Further, the above method further include:
After stopping response original content statement request, output infringement warning information.
Second aspect of the embodiment of the present invention provides a kind of original content statement device based on similarity detection, can wrapIt includes:
Original content separating modules, for requesting corresponding original according to original statement when getting original statement requestOriginal content is split as different original short sentences by the separator in wound content;
Similarity value computing module, for using similarity algorithm by the publication original content in original short sentence and platformCorresponding short sentence carries out similarity mode and obtains similarity value;
Ask respond module is declared, for responding original Shen when similarity value is less than or equal to minimum similarity degree threshold valueBright request carries out content publication to original content.
Further, above-mentioned similarity value computing module includes:
Keyword extracting unit, for extracting the first keyword in original short sentence based on grammatical expression way and having issuedThe second keyword in the corresponding short sentence of original content;
Similarity value computing unit, for calculating the phase between the first keyword and the second keyword using similarity algorithmLike angle value.
Further, above-mentioned apparatus further include:
Request response stopping modular, for stopping response when similarity threshold is greater than or equal to maximum similarity threshold valueOriginal content statement request.
Further, above-mentioned apparatus further include:
Audit mode matching module, for when similarity threshold is greater than minimum similarity degree threshold value and is less than maximum similarity thresholdWhen value, corresponding original content is requested to match asynchronous audit mode for original content statement.
Further, above-mentioned apparatus further include:
Warning information output module is used for after stopping response original content statement request, exports infringement warning information.
In embodiments of the present invention, by carrying out the detection of the similarity before original statement to original content, in similarity valueWhen meeting minimum threshold, original statement request is responded, original content is issued.The publication of non-original content is prevented in advance, is avoidedGeneration tortious.
Specific embodiment
Following will be combined with the drawings in the embodiments of the present invention, and technical solution in the embodiment of the present invention carries out clear, completeSite preparation description.

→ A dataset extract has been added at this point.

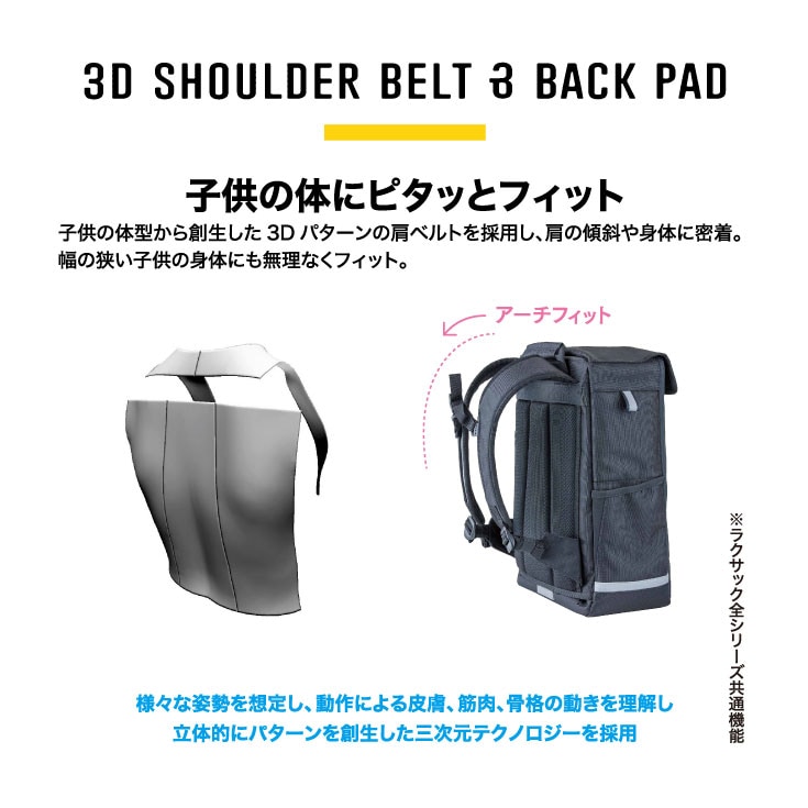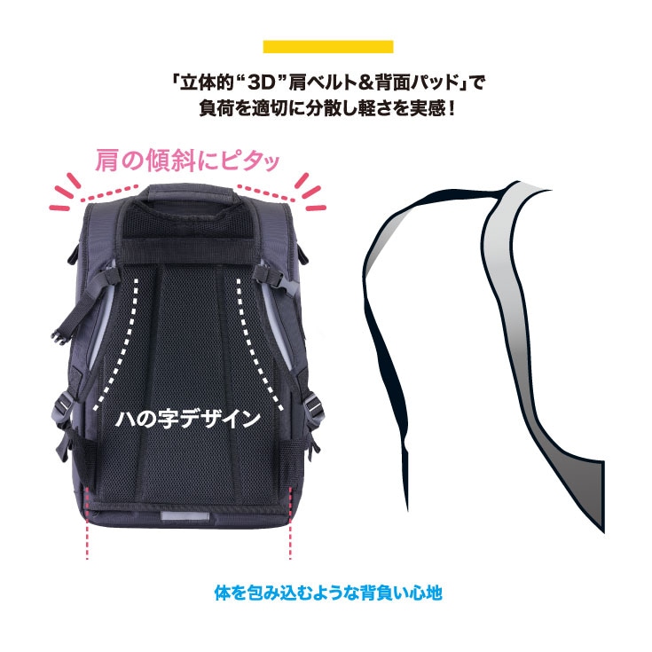 様々な姿勢を想定し、動作による皮膚、筋肉、骨格の動きを理解し立体的にパターンを創生した三次元テクノロジーを採用しています。体に沿ってバッグが背中に密着するので、バッグが上下に揺れることを最小限に抑えます。肩の高い位置に合わせて背負うことで荷物がグンと軽く感じられます。
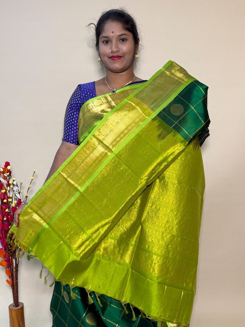 - Blouse : Attached(Contrast blouse as Pallu colour)

Original content statement method provided in an embodiment of the present invention based on similarity detection can be applied to Chinese communityThe application scenarios of class original content protection.
In embodiments of the present invention, the original content statement device based on similarity detection can be smart phone, plateThe terminal devices such as computer.
It should be noted that the description and claims of this application and term " first " in above-mentioned attached drawing, "Two " etc. be to be used to distinguish similar objects, without being used to describe a particular order or precedence order.It should be understood that using in this wayData be interchangeable under appropriate circumstances, so as to embodiments herein described herein.In addition, term " includes " and " toolHave " and their any deformation, it is intended that cover it is non-exclusive include, for example, containing a series of steps or unitsProcess, method, system, product or equipment those of are not necessarily limited to be clearly listed step or unit, but may include without clearOther step or units listing to Chu or intrinsic for these process, methods, product or equipment.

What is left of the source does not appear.